Takes the output file from the first function, base64 decodes it, then writes it to yet another new file.

Once that’s done, you can run strings against it, load it up into a hex editor, or whatever you want to do with it.  Now I know I could just feed everything through without writing the intermediate output file (from the first function), but I wanted to practice using file handles, and it’s a good way for me to troubleshoot any issues.

Until next week!


Hello reader!

This week I’m changing gears a bit.  This week I’ve been playing around with kicking off other programs using Python.  So I did some reading about the subprocess module.

On a few occasions I’ve had to work with drive images from OS X systems.  And a lot of them have been encrypted with File Vault (which is a good practice).  However most forensic tools can not decrypt FV images, which means we need to find an alternate method of getting the image to a “readable” state.  Enter libfvde….

libfvde (https://github.com/libyal/libfvde) is a set of “library and tools to access FileVault Drive Encryption (FVDE) encrypted volumes,” created by Joachim Metz.  The library currently doesn’t have python bindings, but it is on Joachim’s TODO list.

The critical component with using libfvde is having the File Vault Recovery Key from the system.  Unfortunately you only have the opportunity to record the Recovery Key when you kick off the encryption process.  The key is not recorded anywhere on the system.  The key is six sets of four alphanumeric characters (ex: 35AJ-AC98-TI1H-N4M3-HDUQ-UQFG).

So what happens if you don’t have the recovery key?

That’s what this weeks script is designed to do, brute force the Recovery Key to get the encrypted image mounted with fvdemount (the program that actually mounts the image on to the system).
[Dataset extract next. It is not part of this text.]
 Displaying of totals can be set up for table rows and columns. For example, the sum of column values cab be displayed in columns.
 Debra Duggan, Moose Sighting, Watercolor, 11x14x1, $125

Now the key to this program is the following code:

def fvde_key():
    chars = string.letters.upper() + string.digits
    pwdSize = 4
    key_attempt = ''.join((random.choice(chars)) for x in range(pwdSize))
    return key_attempt

This is the part of the code that generates the random 4 character string to use in the larger recovery key code.

Then, we need to assemble the entire recovery key from this function, which is done with this line of code:

decryption_key = "-".join([fvde_key(),fvde_key(),fvde_key(),fvde_key(),fvde_key(),fvde_key()])

The rest of the code goes through a loop which generates a decryption key, and then plugs in into a command line program to try and mount the file vault image.  If it is successful, it mounts the image and prints out what the correct recovery key was.  If it fails, it simply tries a new code.

Mind you this code is not optimized for any type of speed or performance….

Until next week!


Hello Reader!

Well we’ve hit week ten, and this will be the third VBR script in this “mini series”.  This time I’ve written a snippet of code that will parse an NTFS VBR.

Again the code overall follows the same basic structure as the FAT VBR’s, but NTFS has some different structure once you get 32 bytes into it…

For example, the total number of sectors in a VBR is an eight byte value, versus a four byte value.  Another difference is at sector offset 48 for eight bytes is the sector address of the $MFT, which is an important system file on an NTFS file system.

The overall idea for this larger program would be able to point it at a disk image (or even a disk if you want) and the program would parse out the master boot record, follow the partition settings to the location of the start of each partition, and then parse the VBR’s of each of those partitions.  I might even stretch it further and if it’s an NTFS file system, locate the $MFT file and parse that out as well.  However for the $MFT I’ll probably just incorporate analyzeMFT as a module and parse the file using that.